Ali here as think its my turn to try and remember all that we´ve been up to. Lorna is feeling and looking great havbing a beer, while i am just waking up from a too short afternoon nap (those who know me will probably be aware of my ability to snuggle up anywhere of an afternoon and during this holiday i have taken opportunities whenever i can, today has been in a bed which was nice. Needed as a result of changing altitude and feeling generally sleepy and airless after taking a long walk around Arequipa). Feeling good now and once i´ve finished with you lot, i´ll be off for some beers and a bit of a chat with the gang we are travelling with and whichever locals we meet.
I loved the jungle, just to add to what Lorna had written and i think some people may have rceived an additonal e-mail from me, it was just such an amazing place with lovely people and Iquitos was also a high point for me - what a place!!
Since last e-mail, we have been to Paracas and got on a motorboat to see the candalabra which has been imprinted on the cliff-side for hundreds of years, we then saw all the wildlife around the Ballestas Islands. Big seals, including bulls that were blinking loud, many penguins were sunbathing with the seals, noses in the air and completely ignoring the noisy, stinking boat we were in - and the sound of paparazzi snapping from the boat. There were millions of cormorants and huge pellicans, flying about they look really strangely prehistoric, perhaps even worse on the quay, where young children had developed a plan to get money from tourists, enticing pellicans onto the pathways and waving fish at them to make the pellicans nod their heads, etc.
We went to Huacachina (pronounced Wackachina) in the afternoon, a beautiful oasis in amongst the most enormous sand-dunes.

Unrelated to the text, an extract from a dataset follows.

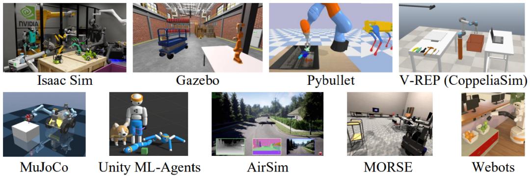 具身智能仿真平台对于具身智能至关重要,因为它们提供了成本效益高的实验手段,能够通过模拟潜在的危险场景来确保安全,具有在多样环境中进行测试的可扩展性,具备快速原型设计能力,能够为更广泛的研究群体提供便利,提供用于精确研究的可控环境,生成用于训练和评估的数据,并提供算法比较的标准化基准。为了使智能体能够与环境互动,必须构建一个逼真的模拟环境。这需要考虑环境的物理特性、对象的属性及其相互作用。如下图所示,本综述将对两种仿真平台进行分析:基于底层仿真的通用平台和基于真实场景的仿真平台。
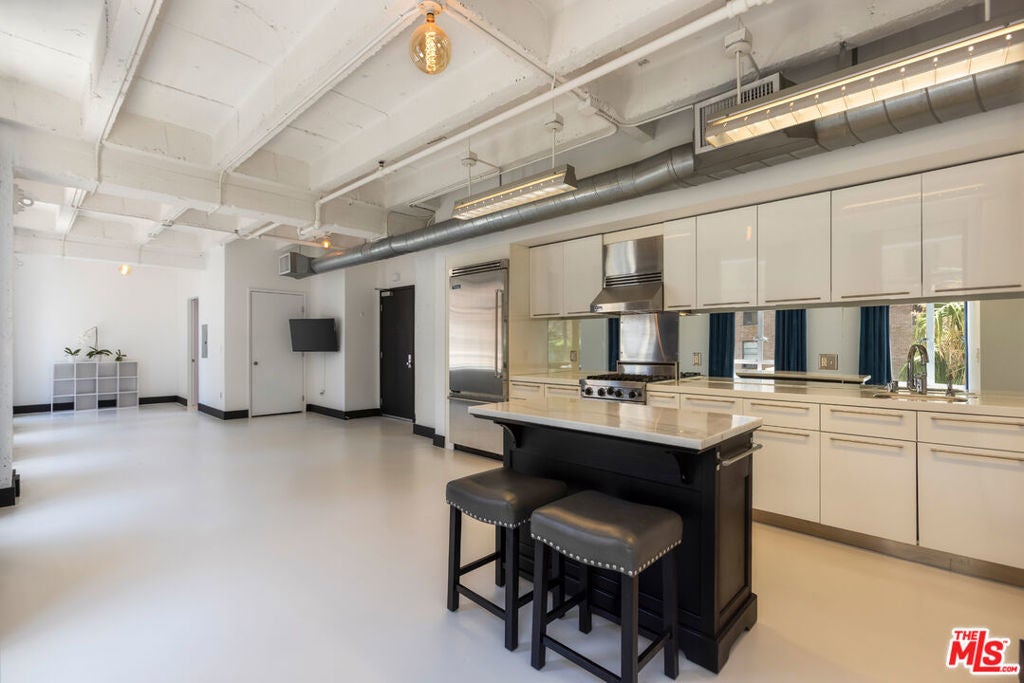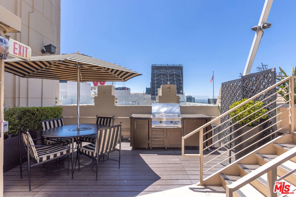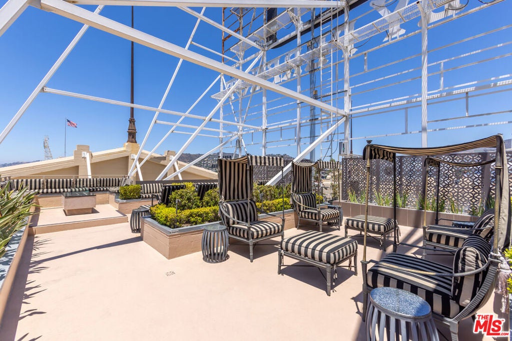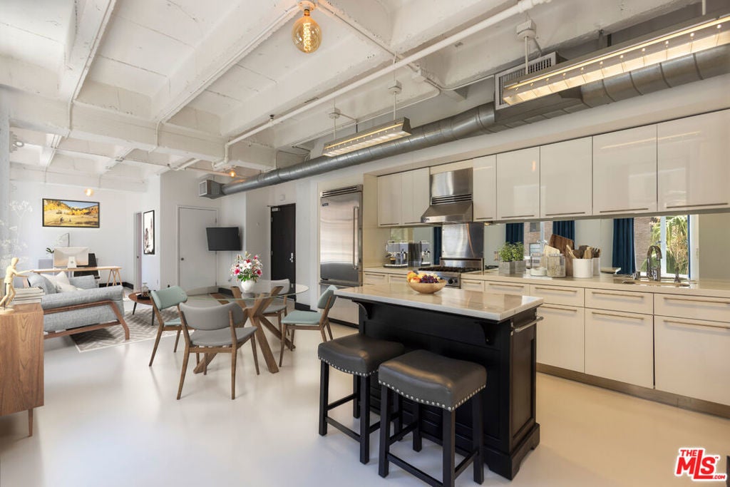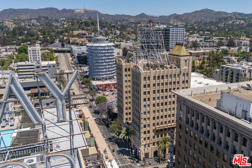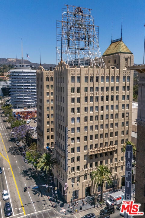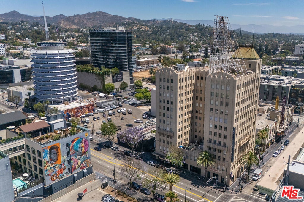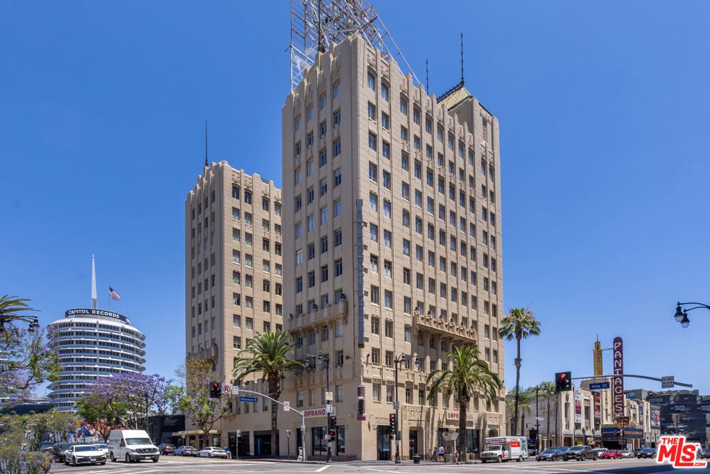 Soaring ceilings, streaming sunlight, and sweeping views define this stunning corner loft, in the historic 1929 Equitable Building at the legendary intersection of Hollywood and Vine. Featuring a spacious, open-concept design where natural light pours in from every angle, the expansive main living space flows effortlessly into the dining area and sleek, modern kitchen, ideal for hosting and entertaining. Fully equipped with premium stainless steel Viking appliances (including a dishwasher) and modern cabinetry, the kitchen is perfect for home cooks and entertainers alike. Just off the main space, you'll find the second bedroom, ideal for a home office, home gym, artist's studio, or even a guest bedroom. Adjacent to this space is a full bath with a deep soaking tub, offering spa-like comfort in the heart of the city. Tucked quietly beyond the kitchen is the serene primary suite, sunlit and generously sized, with an elegant ensuite bath featuring a walk-in shower and designer finishes. Water, trash, electricity, and gas are INCLUDED in the HOA fees. Designated under the Mills Act, this historic building offers the rare advantage of dramatically reduced property taxes. Additional amenities include: Washer-Dryer hookup in unit; 24-hour doorman; 24-hour valet parking (one space included); TWO large storage spaces; and access to a spectacular rooftop lounge complete with a fire pit, BBQ, dining area, and 360-degree views featuring the Hollywood sign, Capitol Records, Pantages Theatre, the Hollywood Hills, and more. Located just above The Birdcage and across the street from Katsuya, the W Hotel, and others, you are a short walk to Equinox, Barry's Bootcamp, and Trader Joe's, with coffee shops, restaurants, and nightlife in every direction. Stroll to Jemma, Lemon Grove, and Mother Wolf, or catch a show at the Pantages and pick up records at Amoeba Music just a block away. With the Metro station across the street, your commute to DTLA is effortless. Experience elevated urban living with iconic views, timeless character, and every luxury at your fingertips. This is Hollywood reimagined, and it is waiting for you.

The heat was amazing and the food very cheap here there was the opportunity to go sand-surfing and out on a dune buggy, however as i had only just eaten i decided that it would be best to hike up one of the closer sand-dunes with a couple of other people, Lorna escaped this as she was still needing to take things easy so she sat under a tree with a book. I hiked the sand-dune which took about 15 minutes, it was a very steep climb and the sand just continuously fell and my 50 steps managed to take me about 10 feet!! It felt great to get to the top and took about 10 minutes to stop feeling sick - having hiked so soon after lunch as i had thought it would be more gentle than rolling around on the beach buggy. Silly me.....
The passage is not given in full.